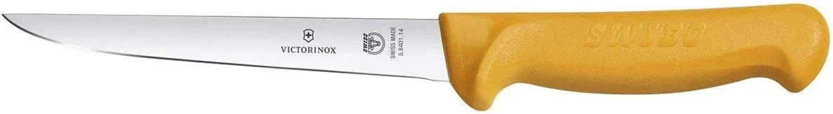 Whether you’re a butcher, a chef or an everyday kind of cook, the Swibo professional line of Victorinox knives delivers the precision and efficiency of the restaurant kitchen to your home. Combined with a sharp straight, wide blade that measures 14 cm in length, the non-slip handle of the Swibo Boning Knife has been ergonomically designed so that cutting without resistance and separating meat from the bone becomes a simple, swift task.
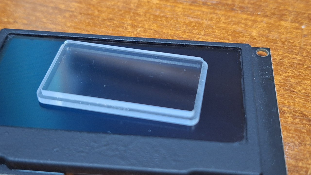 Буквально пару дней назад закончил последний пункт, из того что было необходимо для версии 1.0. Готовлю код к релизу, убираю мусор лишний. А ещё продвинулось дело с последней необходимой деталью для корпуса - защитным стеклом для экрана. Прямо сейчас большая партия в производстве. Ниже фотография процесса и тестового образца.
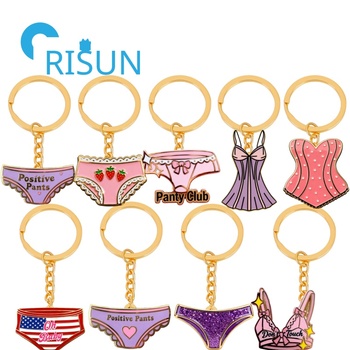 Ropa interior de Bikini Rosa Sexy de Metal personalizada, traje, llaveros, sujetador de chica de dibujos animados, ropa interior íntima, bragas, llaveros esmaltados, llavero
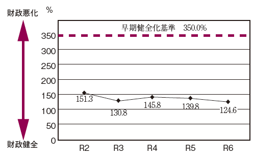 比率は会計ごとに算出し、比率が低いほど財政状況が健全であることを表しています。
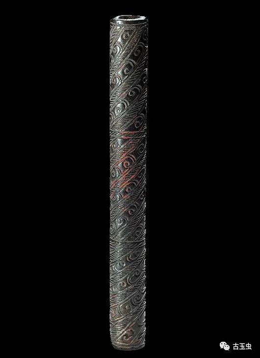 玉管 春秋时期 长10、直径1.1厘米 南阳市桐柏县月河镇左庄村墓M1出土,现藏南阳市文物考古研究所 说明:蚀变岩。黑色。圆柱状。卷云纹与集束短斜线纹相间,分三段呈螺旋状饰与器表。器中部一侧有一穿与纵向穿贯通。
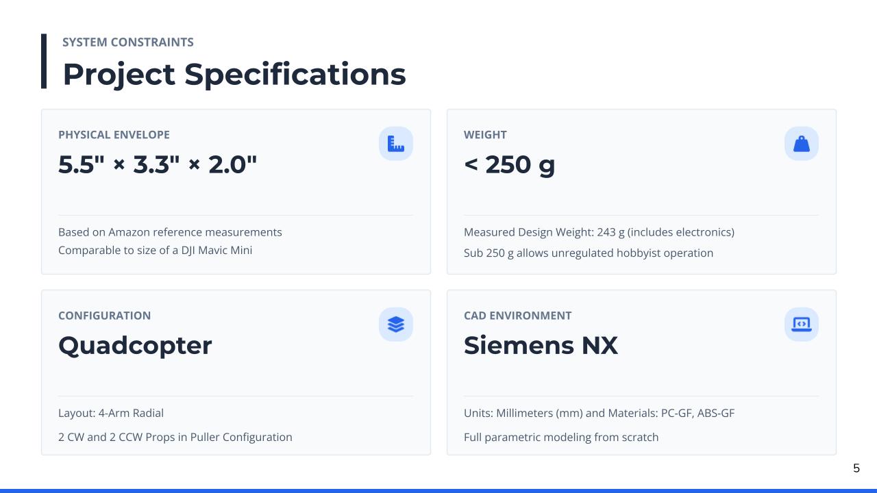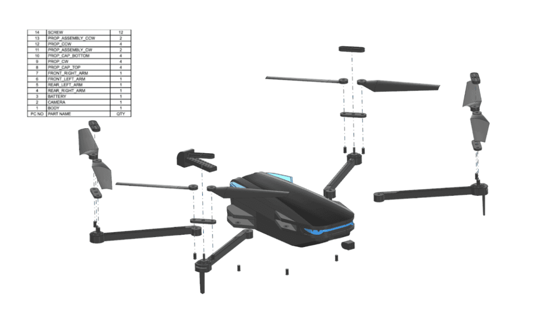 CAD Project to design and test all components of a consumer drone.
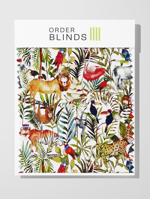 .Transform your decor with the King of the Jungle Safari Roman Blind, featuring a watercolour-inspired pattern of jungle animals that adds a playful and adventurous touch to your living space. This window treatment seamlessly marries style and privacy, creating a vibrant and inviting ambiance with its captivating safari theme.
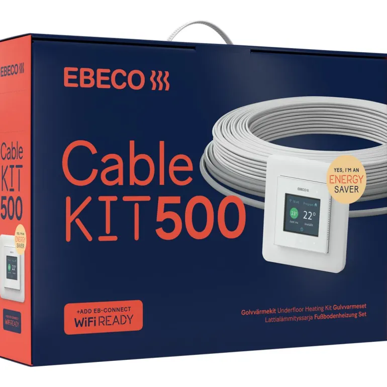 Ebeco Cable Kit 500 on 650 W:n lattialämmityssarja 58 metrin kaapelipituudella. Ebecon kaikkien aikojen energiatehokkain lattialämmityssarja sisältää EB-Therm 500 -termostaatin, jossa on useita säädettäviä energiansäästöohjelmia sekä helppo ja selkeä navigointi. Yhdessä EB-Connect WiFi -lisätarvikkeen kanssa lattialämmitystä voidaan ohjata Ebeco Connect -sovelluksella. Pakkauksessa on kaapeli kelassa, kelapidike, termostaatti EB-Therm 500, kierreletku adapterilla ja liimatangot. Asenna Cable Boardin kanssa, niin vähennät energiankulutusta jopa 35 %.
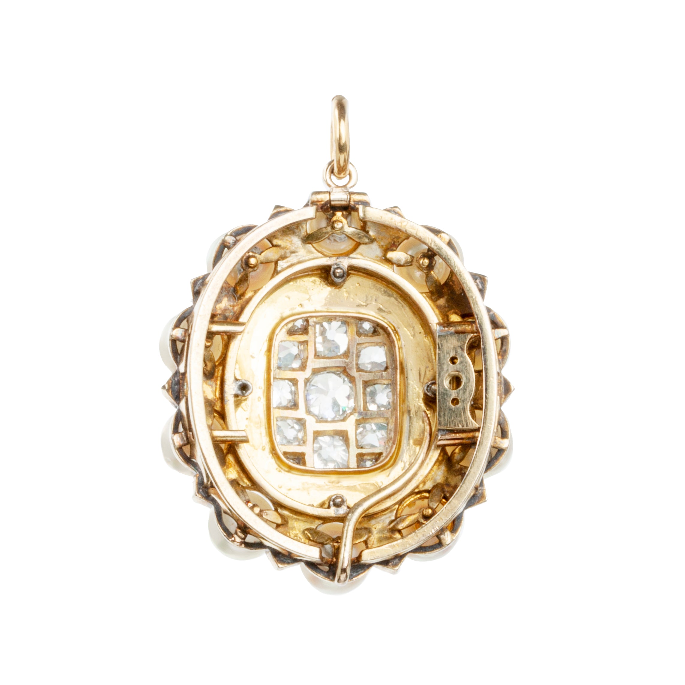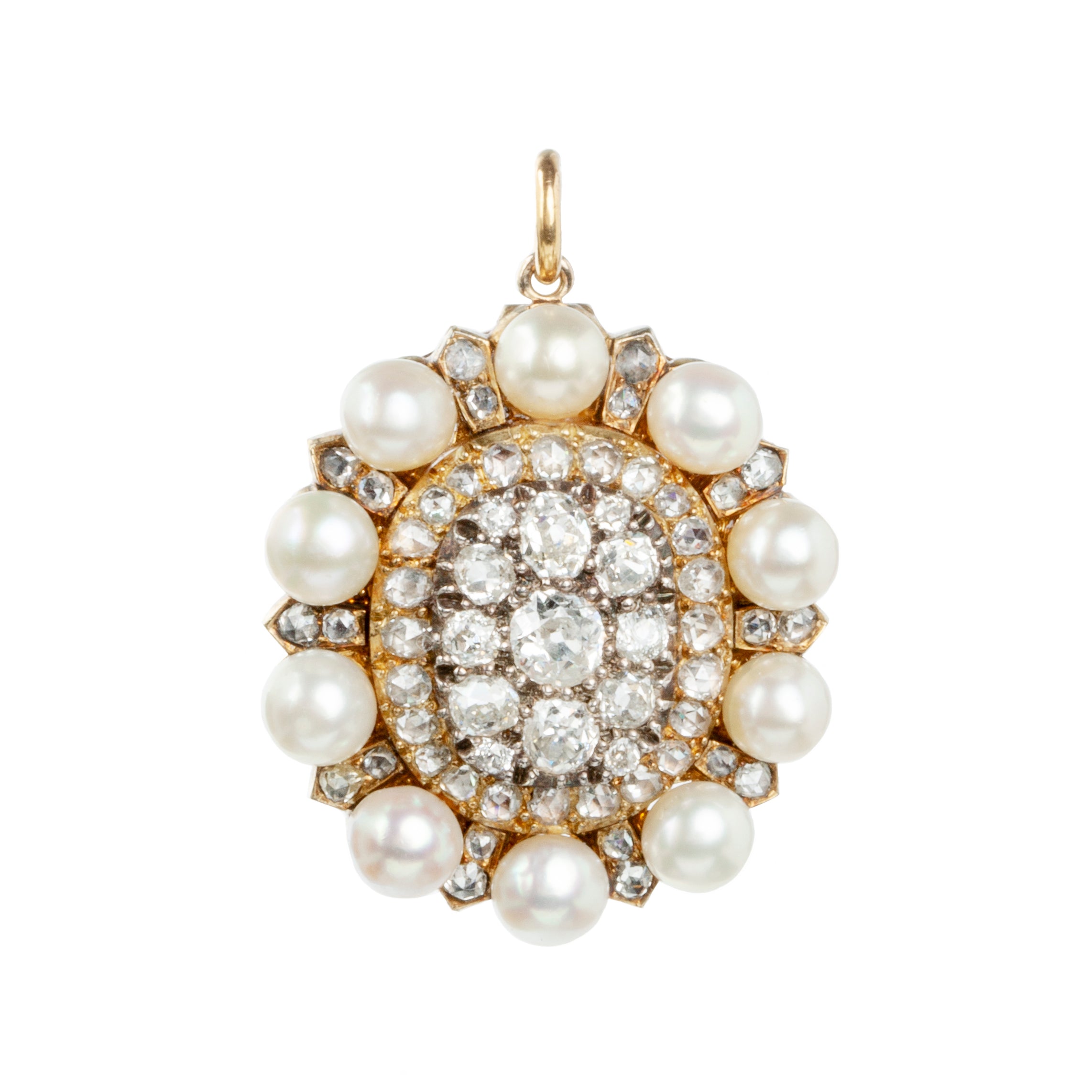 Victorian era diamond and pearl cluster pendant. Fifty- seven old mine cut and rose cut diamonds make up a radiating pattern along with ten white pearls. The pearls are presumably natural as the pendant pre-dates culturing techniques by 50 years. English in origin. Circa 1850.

————

Exactly reproduce the run of lines from the start of the listing through the line with "Буквально пару дней", inclusive; pictures are not copied.

◆ Task answer
 Whether you’re a butcher, a chef or an everyday kind of cook, the Swibo professional line of Victorinox knives delivers the precision and efficiency of the restaurant kitchen to your home. Combined with a sharp straight, wide blade that measures 14 cm in length, the non-slip handle of the Swibo Boning Knife has been ergonomically designed so that cutting without resistance and separating meat from the bone becomes a simple, swift task.
 Буквально пару дней назад закончил последний пункт, из того что было необходимо для версии 1.0. Готовлю код к релизу, убираю мусор лишний. А ещё продвинулось дело с последней необходимой деталью для корпуса - защитным стеклом для экрана. Прямо сейчас большая партия в производстве. Ниже фотография процесса и тестового образца.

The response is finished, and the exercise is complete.